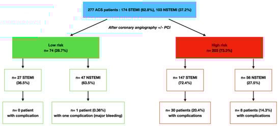 Contemporary practice for NSTEMI management has changed since 2020 and includes an early invasive strategy (<24 h) in stable patients and concomitant use of evidence-based medications, such as potent antithrombotic and antiplatelet therapy, statins and B-blockers [3,4,8]. Among ACS patients managed with an early invasive strategy, the ACUITY study emphasizes the prognostic importance of the diagnostic angiogram in patient risk stratification, providing important added independent predictive value for 30-day and 1-year ischemic outcomes [18]. In our study, low rate of events with no life-threatening events was observed in the low-risk group with risk stratification including diagnostic angiogram and PCI result. Meta-analyses have consistently reported that an early invasive strategy is associated with a lower risk of recurrent/refractory ischemia and a shorter length of hospital stay [19,20,21,22]. In the meta-analysis of Jobs et al., early evaluation of coronary anatomy and PCI when required, was found to reduce mortality only in higher risk patients [22]. In the present study, both early coronary angiography and high rate of PCI may probably have contributed to the low rate of events of our NSTEMI population. In our STEMI population, 15% of the patients were considered at low risk using strict selection criteria including early or spontaneous, successful reperfusion with no adverse events at follow-up in this group and particularly no rhythmic events. Early spontaneous reperfusion was previously associated with favorable short- and long-term prognosis following STEMI [23]. Conversely, incidence of in-hospital adverse events in the high-risk group was high (18.7% in the total population and 20.4% in the STEMI group) and mainly related to rhythmic disorders or hemodynamics instability and required CICU admission or at least ECG monitoring. These patients may be characterized by simple clinical characteristics (age and LVEF) and angiographic patterns (multivessel disease, left main disease and lower rate of PCI).
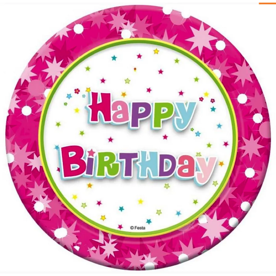 Papírový talířek Happy Birthday růžový - 18 cm / 6 ks
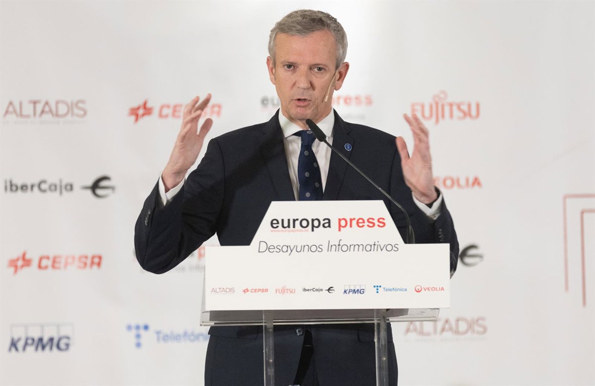 "Hacen esa correlación de que si las cosas van mal en Galicia, la culpa será de quien estuvo 14 años", ha denunciado Alfonso Rueda durante su intervención en un desayuno informativo de Europa Press, en el que precisamente ha sido presentado por su predecesor en el cargo y actual presidente del PP a nivel nacional.
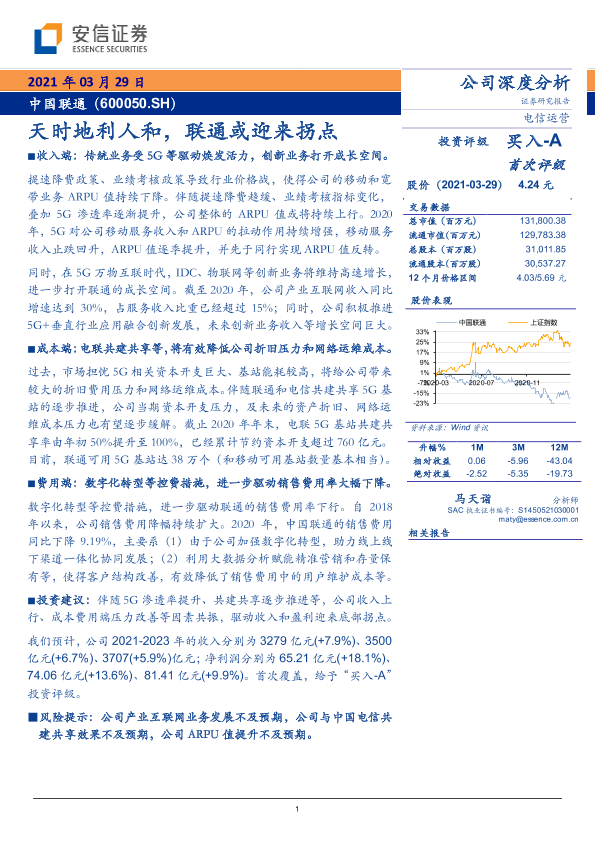 【安信证券】【20210329】天时地利人和,联通或迎来拐点-19页

Assigned task. Pictures stay out. Everything else in the listing gets printed exactly.

Solution.
 Contemporary practice for NSTEMI management has changed since 2020 and includes an early invasive strategy (<24 h) in stable patients and concomitant use of evidence-based medications, such as potent antithrombotic and antiplatelet therapy, statins and B-blockers [3,4,8]. Among ACS patients managed with an early invasive strategy, the ACUITY study emphasizes the prognostic importance of the diagnostic angiogram in patient risk stratification, providing important added independent predictive value for 30-day and 1-year ischemic outcomes [18]. In our study, low rate of events with no life-threatening events was observed in the low-risk group with risk stratification including diagnostic angiogram and PCI result. Meta-analyses have consistently reported that an early invasive strategy is associated with a lower risk of recurrent/refractory ischemia and a shorter length of hospital stay [19,20,21,22]. In the meta-analysis of Jobs et al., early evaluation of coronary anatomy and PCI when required, was found to reduce mortality only in higher risk patients [22]. In the present study, both early coronary angiography and high rate of PCI may probably have contributed to the low rate of events of our NSTEMI population. In our STEMI population, 15% of the patients were considered at low risk using strict selection criteria including early or spontaneous, successful reperfusion with no adverse events at follow-up in this group and particularly no rhythmic events. Early spontaneous reperfusion was previously associated with favorable short- and long-term prognosis following STEMI [23]. Conversely, incidence of in-hospital adverse events in the high-risk group was high (18.7% in the total population and 20.4% in the STEMI group) and mainly related to rhythmic disorders or hemodynamics instability and required CICU admission or at least ECG monitoring. These patients may be characterized by simple clinical characteristics (age and LVEF) and angiographic patterns (multivessel disease, left main disease and lower rate of PCI).
 Papírový talířek Happy Birthday růžový - 18 cm / 6 ks
 "Hacen esa correlación de que si las cosas van mal en Galicia, la culpa será de quien estuvo 14 años", ha denunciado Alfonso Rueda durante su intervención en un desayuno informativo de Europa Press, en el que precisamente ha sido presentado por su predecesor en el cargo y actual presidente del PP a nivel nacional.
 【安信证券】【20210329】天时地利人和,联通或迎来拐点-19页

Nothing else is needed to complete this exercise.